> WHAT YOU WILL DO: In the lines below, output everything from the first line through the line containing "機内食はチキンでした↓" exactly as it is. Pictures are not part of the output.

──────────

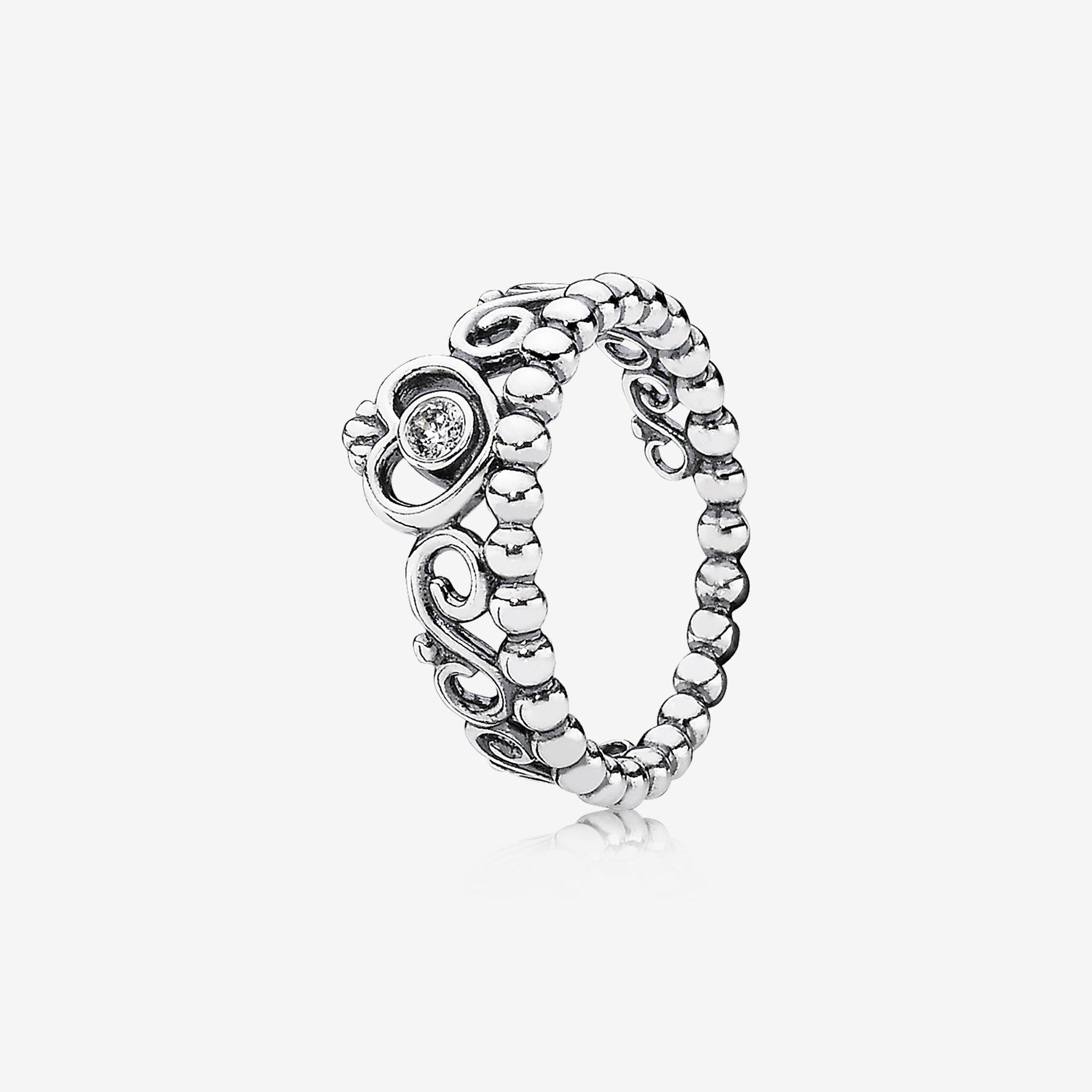 Couronnez votre look avec cette bague fabriquée avec l'amour des détail de la marque Pandora. Ce bijou élégant est orné d'une petite couronne filigrane, au centre de laquelle une pierre décorative à facettes rayonne.
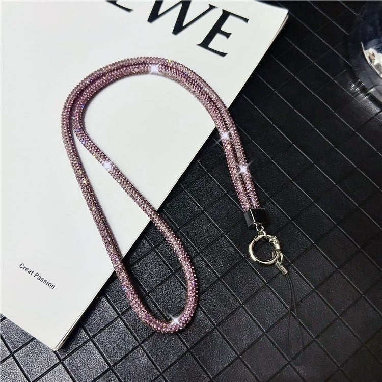 Stylish Rhinestone Phone Lanyard Cotton Rope Universal Neck Strap, Length: 80cm - Light Purple
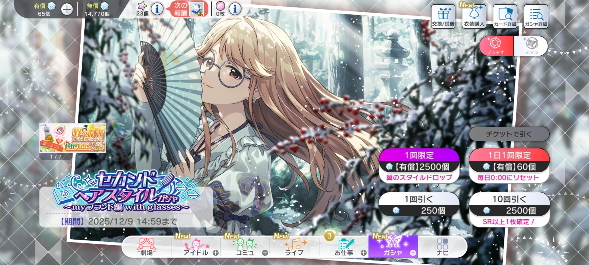 [シャニマス]ウィンターキャンペーン2025 第1弾 SSR2倍!!限定入り1日1回10連無料ガシャ
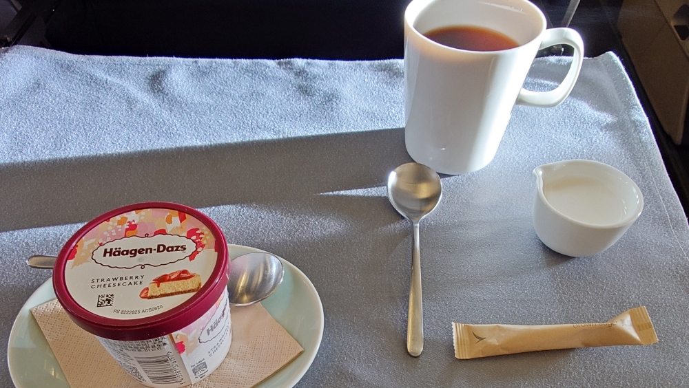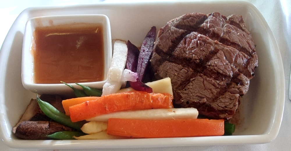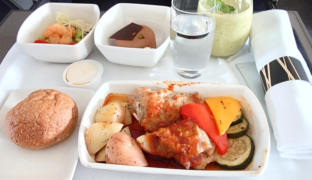機内食はチキンでした↓
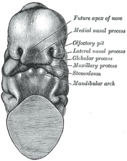 In the early development of the embryo, neural crest cells migrate to form the mesenchymal tissue as ectomesenchyme of the pharyngeal arches. By the end of the fourth week, the first pair of pharyngeal arches form five facial prominences or processes - an unpaired frontonasal process, paired mandibular processes and paired maxillary processes.[50][51] The nose is largely formed by the fusion of these five facial prominences. The frontonasal process gives rise to the bridge of the nose. The medial nasal processes provide the crest and the tip of the nose, and the lateral nasal processes form the alae or sides of the nose. The frontonasal process is a proliferation of mesenchyme in front of the brain vesicles,[50] and makes up the upper border of the stomadeum.[51]
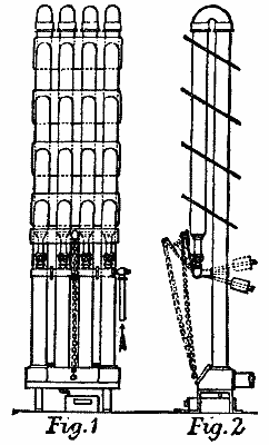 That, in consequence, machines having wing planes, driven against one inertia of air by screws acting in the line, of flight against another inertia of air, lose fifty per cent. of useful effect, besides exposing to a head wind the cross section of the stationary screw wing planes and the rotating screw discs; and supporting the dead weight of the wing planes, and having all the screw slip in the line of flight, and carrying slow and heavy engines.
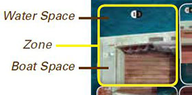 At the start of Act 2, each zone has two spaces-a Boat Space and a Water Space. After a Boat Tile is destroyed (removed from the game), that zone will only have one large Water Space. The borders of all spaces are defined by white lines and tile edges.
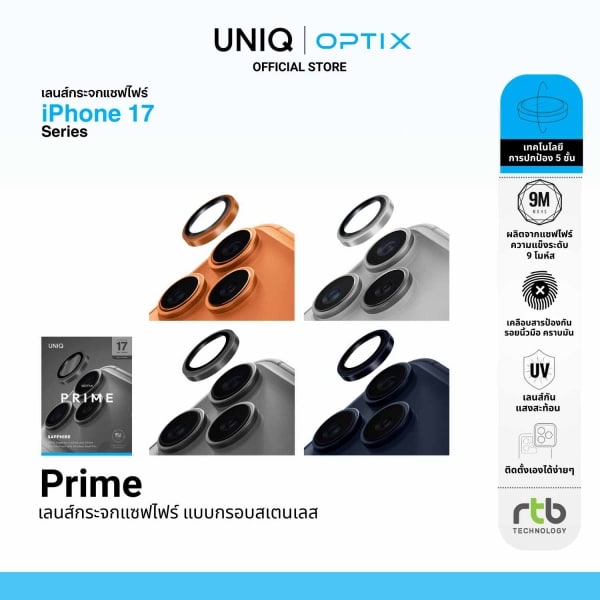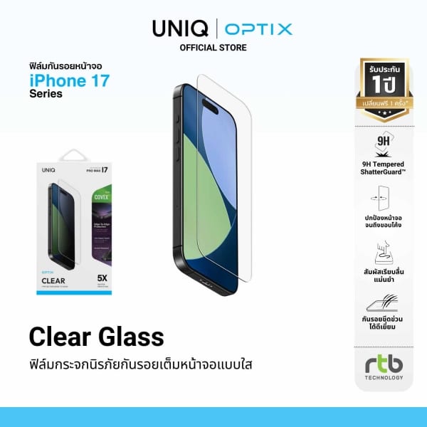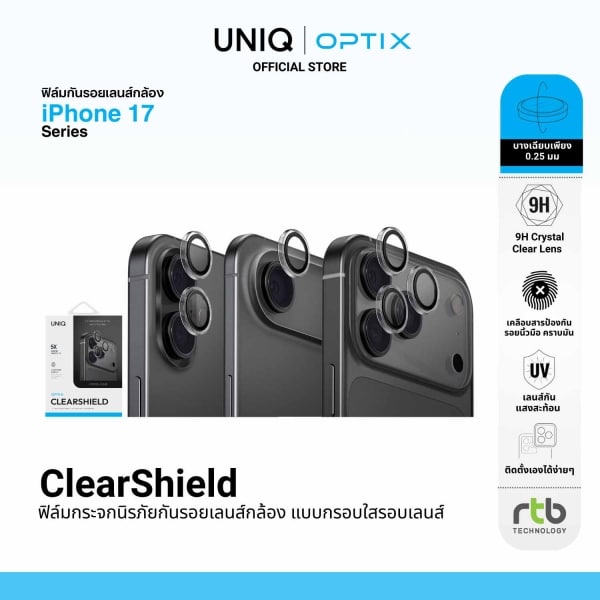 ผลิตภัณฑ์เคสกันกระแทก UNIQ และฟิล์มกันรอยหน้าจอและเลนส์กล้อง OPTIX สำหรับ iPhone 17 Series พร้อมวางจำหน่ายแล้ววันนี้ที่ร้านค้าในเครือ Com7 (Studio7, BaNANA, Bb Beyond D-Box), SPVi (iStudio by SPVi), Uficon (iStudio by Uficon), Power Mall, Apple House, Focus Store, iDEVICE, Advice, B2S และช่องทางออนไลน์ที่ https://rtbtechnology.org/m/uniq-thailand ติดตามโปรโมชั่นและข้อมูลสินค้าเพิ่มเติมได้ที่ https://www.facebook.com/uniqbyrtb

──────────

> RESPONSE BOX:
 Couronnez votre look avec cette bague fabriquée avec l'amour des détail de la marque Pandora. Ce bijou élégant est orné d'une petite couronne filigrane, au centre de laquelle une pierre décorative à facettes rayonne.
 Stylish Rhinestone Phone Lanyard Cotton Rope Universal Neck Strap, Length: 80cm - Light Purple
 [シャニマス]ウィンターキャンペーン2025 第1弾 SSR2倍!!限定入り1日1回10連無料ガシャ
機内食はチキンでした↓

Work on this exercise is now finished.